** Activity **
Set down, unchanged, the line holding "For brands aiming" and all lines that follow it to the end of the material, leaving pictures out.

** Supplied data **

Segment Open

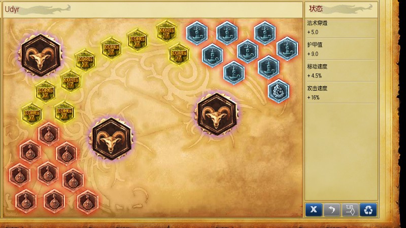 红色攻速,黄色护甲,蓝色法穿,大精华移动速度。蓝色一般不需要带魔抗是因为防御天赋里自带魔抗而且打野前期收到的魔法伤害较少,带魔抗前期没有用处后期符文带来的魔抗也略显不够且魔抗可以用装备补足。如果对方是蜘蛛龙女这种AP伤害较多的打野前期会给你带来较多的AP伤害可以选择蓝色带魔抗。减CD符文不能减少UD技能的公**而且UD6秒的技能冷却本身就不是很长,所以使用冷却缩减符文的价值不是很高。UD手短无位移,所以移速是UD的灵魂,所以符文天赋和装备都应尽可能地增加移速。
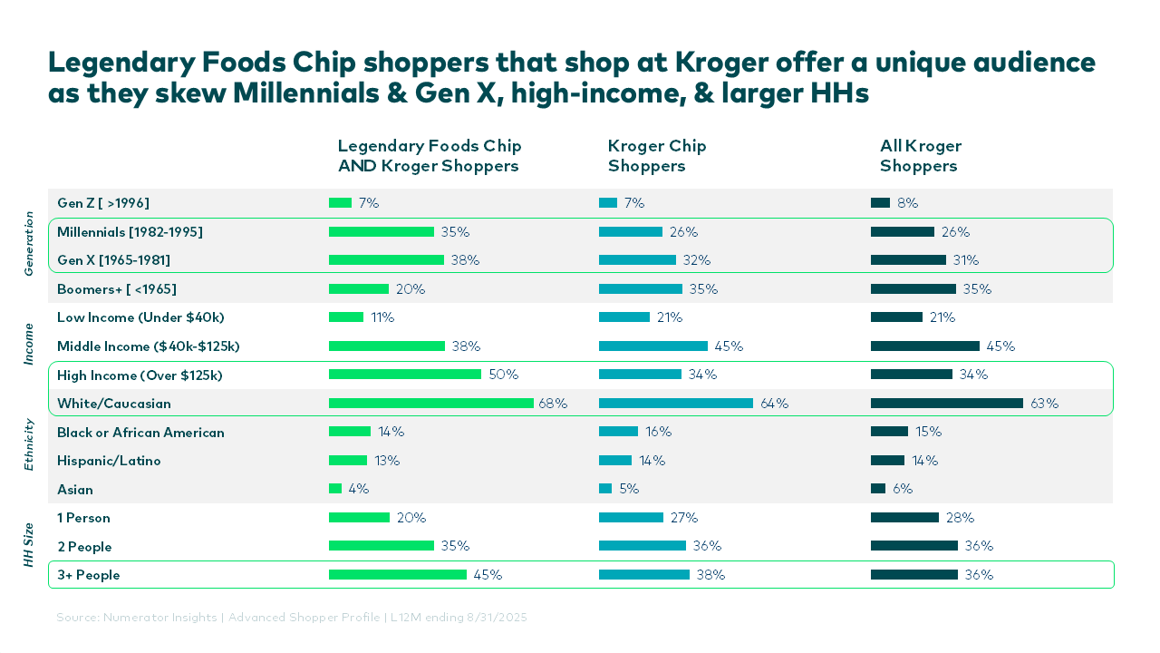 For brands aiming to grow their presence within an existing retailer, Numerator highlighted Legendary Foods at Kroger. Over half of Legendary Foods shoppers already visit Kroger, yet only 8 percent purchase the brand there. In the past year, Kroger shoppers spent nearly $94 million on Legendary Foods, but only $4.5 million in Kroger stores. Closing even one percentage point of that gap could generate roughly $300,000 in additional sales for Kroger.
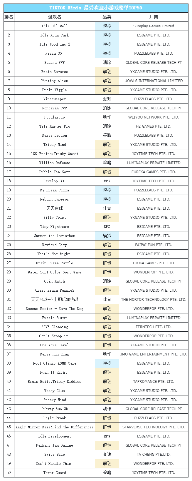 拉通榜单来看,我们很容易发现一些规律,比如在TikTok小游戏榜单前列,模拟和解谜类游戏的占比非常高。

Segment Closed

** Result of the task **
 For brands aiming to grow their presence within an existing retailer, Numerator highlighted Legendary Foods at Kroger. Over half of Legendary Foods shoppers already visit Kroger, yet only 8 percent purchase the brand there. In the past year, Kroger shoppers spent nearly $94 million on Legendary Foods, but only $4.5 million in Kroger stores. Closing even one percentage point of that gap could generate roughly $300,000 in additional sales for Kroger.
 拉通榜单来看,我们很容易发现一些规律,比如在TikTok小游戏榜单前列,模拟和解谜类游戏的占比非常高。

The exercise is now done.